What to produce: A single number is the whole answer: the count of lines in the records where "from" occurs.

Provided material:
┄┄┄┄┄┄┄┄┄┄
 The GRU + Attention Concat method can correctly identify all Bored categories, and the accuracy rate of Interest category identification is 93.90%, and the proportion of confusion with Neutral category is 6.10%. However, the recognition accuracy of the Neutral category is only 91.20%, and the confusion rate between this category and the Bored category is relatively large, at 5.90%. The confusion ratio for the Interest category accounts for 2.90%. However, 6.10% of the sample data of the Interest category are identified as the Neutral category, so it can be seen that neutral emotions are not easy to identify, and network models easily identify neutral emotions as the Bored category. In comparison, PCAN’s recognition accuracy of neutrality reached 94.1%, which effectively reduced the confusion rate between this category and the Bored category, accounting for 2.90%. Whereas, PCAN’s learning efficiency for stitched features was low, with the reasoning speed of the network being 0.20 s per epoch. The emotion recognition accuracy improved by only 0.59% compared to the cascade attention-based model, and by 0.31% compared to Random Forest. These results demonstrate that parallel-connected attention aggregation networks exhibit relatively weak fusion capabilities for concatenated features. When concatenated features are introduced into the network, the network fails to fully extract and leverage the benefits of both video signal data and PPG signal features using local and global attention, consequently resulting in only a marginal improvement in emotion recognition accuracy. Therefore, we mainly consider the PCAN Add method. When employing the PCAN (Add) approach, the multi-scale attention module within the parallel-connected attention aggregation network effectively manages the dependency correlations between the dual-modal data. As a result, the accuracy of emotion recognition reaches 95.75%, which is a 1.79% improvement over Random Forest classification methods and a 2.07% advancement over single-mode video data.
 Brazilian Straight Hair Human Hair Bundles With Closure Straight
┄┄┄┄┄┄┄┄┄┄
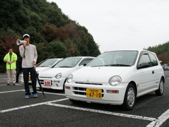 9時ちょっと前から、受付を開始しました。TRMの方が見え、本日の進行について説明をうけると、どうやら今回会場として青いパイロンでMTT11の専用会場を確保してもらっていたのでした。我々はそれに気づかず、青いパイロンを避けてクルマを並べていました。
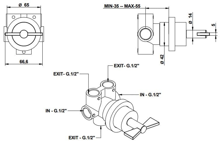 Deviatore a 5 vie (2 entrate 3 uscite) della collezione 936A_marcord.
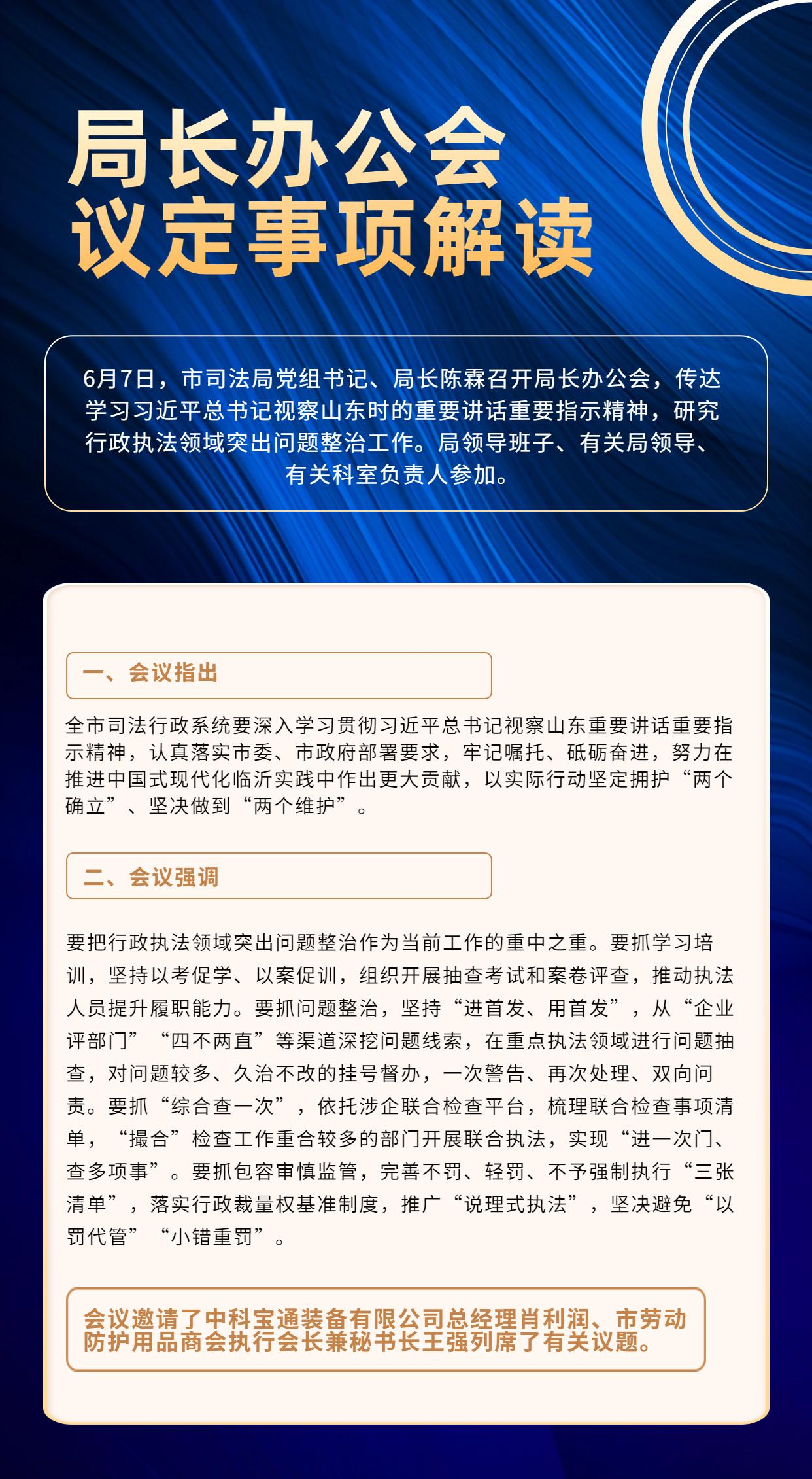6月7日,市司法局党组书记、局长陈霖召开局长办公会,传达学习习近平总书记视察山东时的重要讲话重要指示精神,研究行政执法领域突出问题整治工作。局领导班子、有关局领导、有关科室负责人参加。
┄┄┄┄┄┄┄┄┄┄
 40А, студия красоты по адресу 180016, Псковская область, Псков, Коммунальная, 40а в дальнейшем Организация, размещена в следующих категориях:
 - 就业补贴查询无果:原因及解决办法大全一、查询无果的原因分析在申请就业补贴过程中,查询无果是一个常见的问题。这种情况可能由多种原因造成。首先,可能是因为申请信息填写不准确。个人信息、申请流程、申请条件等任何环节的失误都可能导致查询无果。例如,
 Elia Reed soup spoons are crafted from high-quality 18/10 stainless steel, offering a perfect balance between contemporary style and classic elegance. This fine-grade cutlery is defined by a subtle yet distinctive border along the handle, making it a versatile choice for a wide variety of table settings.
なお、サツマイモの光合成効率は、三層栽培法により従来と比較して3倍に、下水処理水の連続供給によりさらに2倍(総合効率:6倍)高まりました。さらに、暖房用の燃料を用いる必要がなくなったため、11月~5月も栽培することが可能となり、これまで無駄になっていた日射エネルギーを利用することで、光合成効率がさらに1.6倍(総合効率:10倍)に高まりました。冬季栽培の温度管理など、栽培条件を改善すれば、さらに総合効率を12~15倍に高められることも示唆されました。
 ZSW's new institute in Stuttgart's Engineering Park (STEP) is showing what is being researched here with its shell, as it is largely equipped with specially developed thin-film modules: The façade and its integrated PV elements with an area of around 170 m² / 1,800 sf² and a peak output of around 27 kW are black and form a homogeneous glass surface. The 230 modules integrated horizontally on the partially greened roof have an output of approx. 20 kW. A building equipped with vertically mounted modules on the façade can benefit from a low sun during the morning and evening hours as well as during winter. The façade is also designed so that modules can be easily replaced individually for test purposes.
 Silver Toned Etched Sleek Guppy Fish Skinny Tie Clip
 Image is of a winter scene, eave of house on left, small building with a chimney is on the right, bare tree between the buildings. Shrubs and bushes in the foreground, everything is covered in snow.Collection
┄┄┄┄┄┄┄┄┄┄
Task output: 2